Lifting, Powerlifting

WEEKEND WARRIOR WORKOUT (part 2)

On Sundays we Deadlift.

Started Sunday feeling slightly exhausted, going off of 3 hours of sleep.  I woke up in time to eat breakfast, slept for an hour, woke back up to meet my friends for breakfast at 9, another staple in my weekend routine.  Deadlifting starts at 10 o clock sharp.  After a thorough foam roll and stretching session I did single leg deadlifts with a kettlebell before my pin pulls.  And, as previously promised, here is a video!

 4 x 2 again this week.  It was taxing on my back after my workout the previous morning but this program has helped me so much with my form for all powerlifts and staying tight.

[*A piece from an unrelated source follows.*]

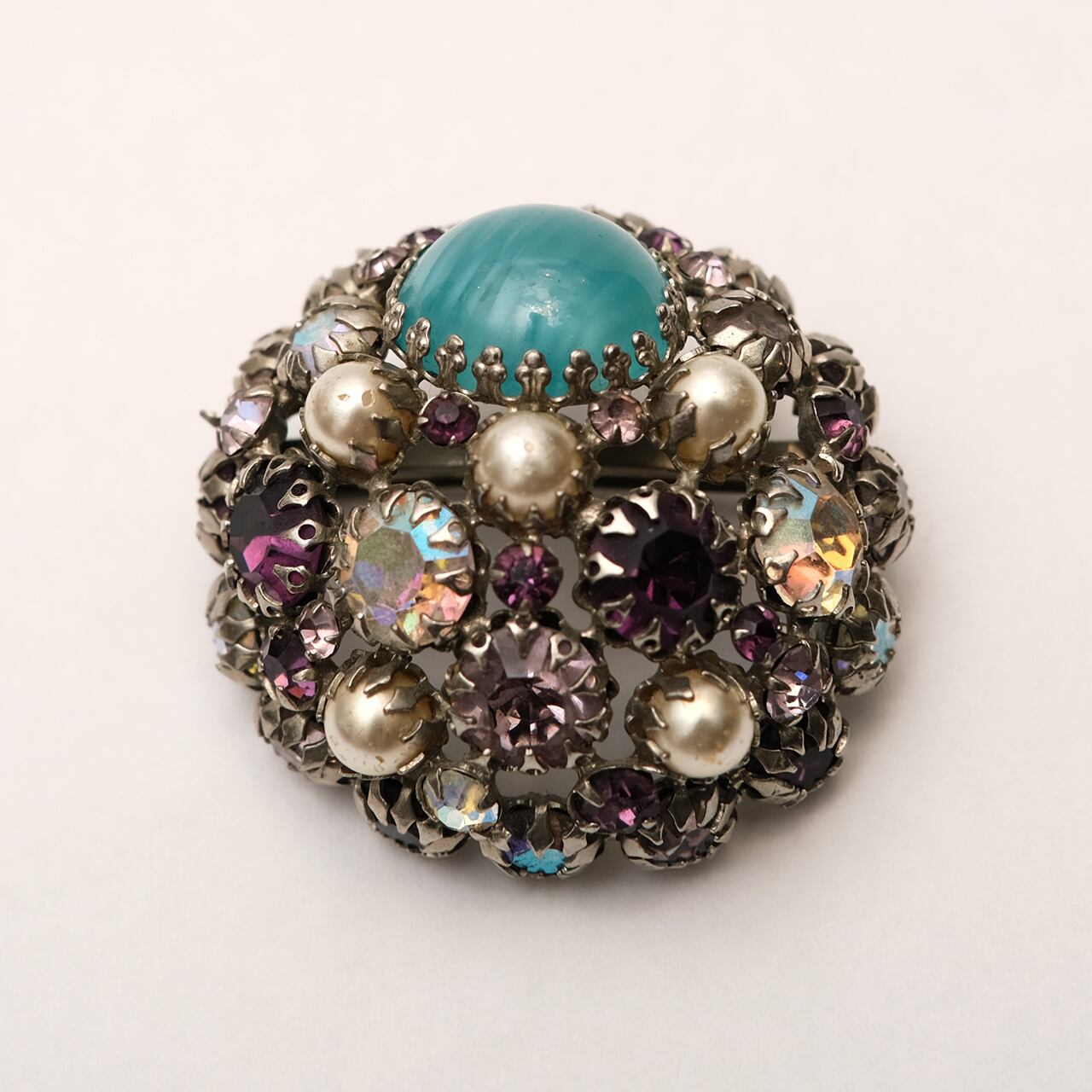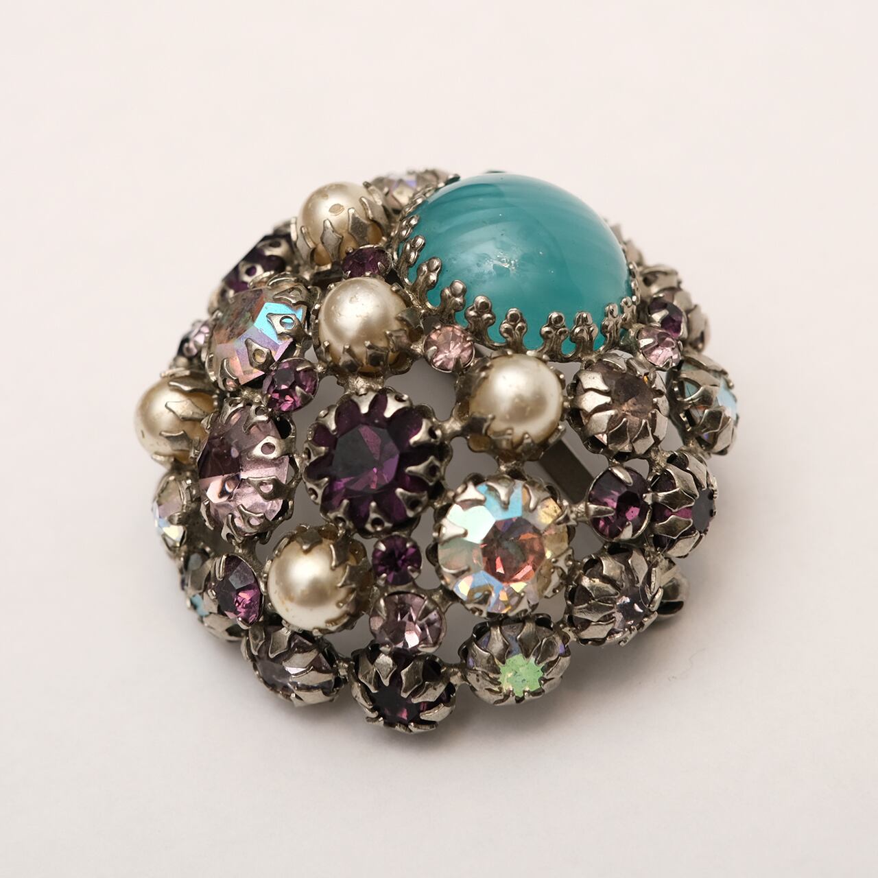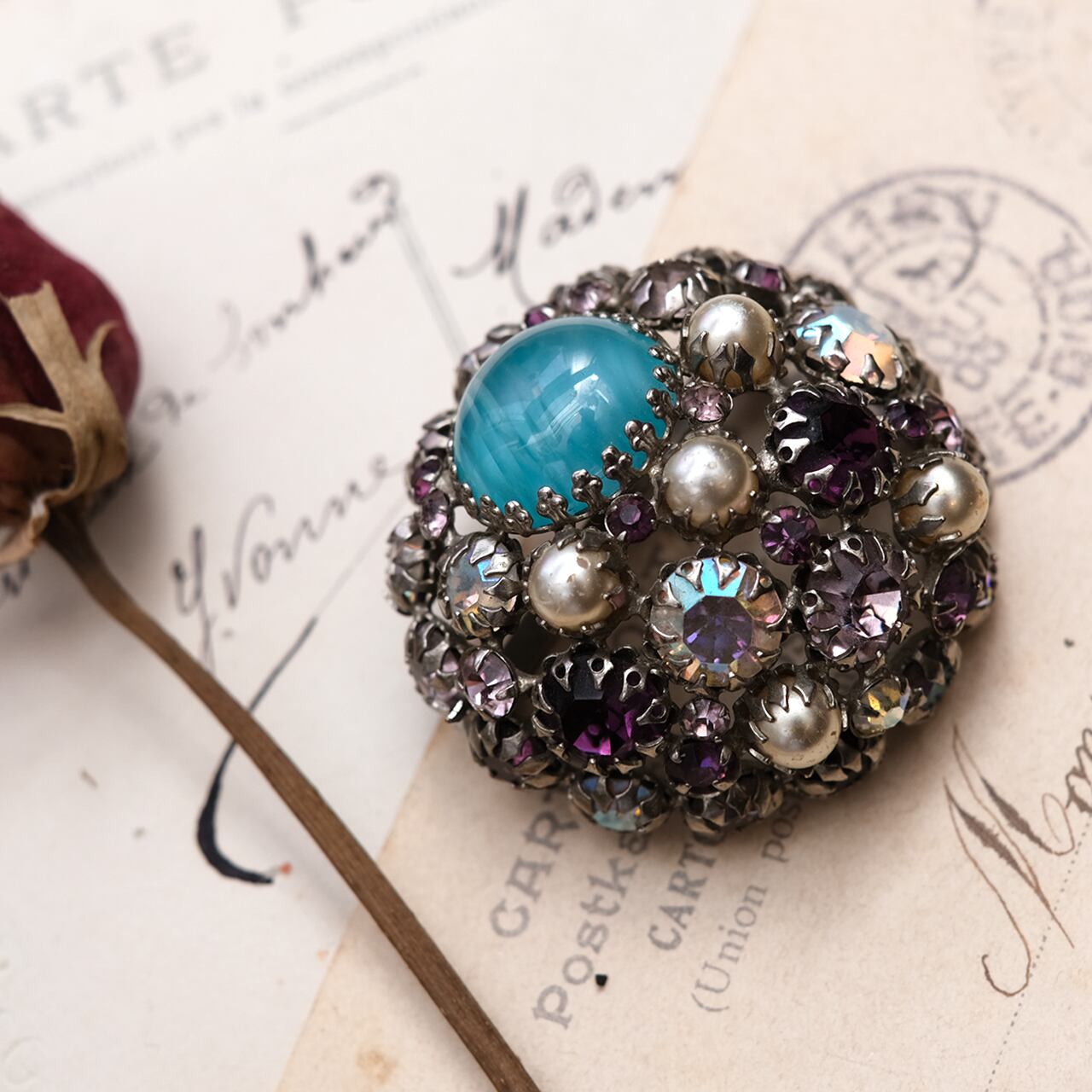 柔らかなグリーンのカボッション、様々な大きさのオーロラカラー、パールカラー紫などの石が、不規則に配置されており、落ち着いた色合いでありながらとても楽しい印象です。

Reverse hyperextensions 4×10

4 x 10 Single leg hamstring curls with monster mini (need to work on keeping movements slow and constant tension on the muscle.)

6 x 15 good mornings

Walking lunges with 25lb kettlebell

I had to go back to the gym for round 2 to get my 25 minutes of cardio in, which I completed on incline 15 at speed 3.0, burning 300 calories.  Steak and potatoes for dinner!  It was the perfect ending to an awesome weekend and a great start to my first day as a full time personal trainer.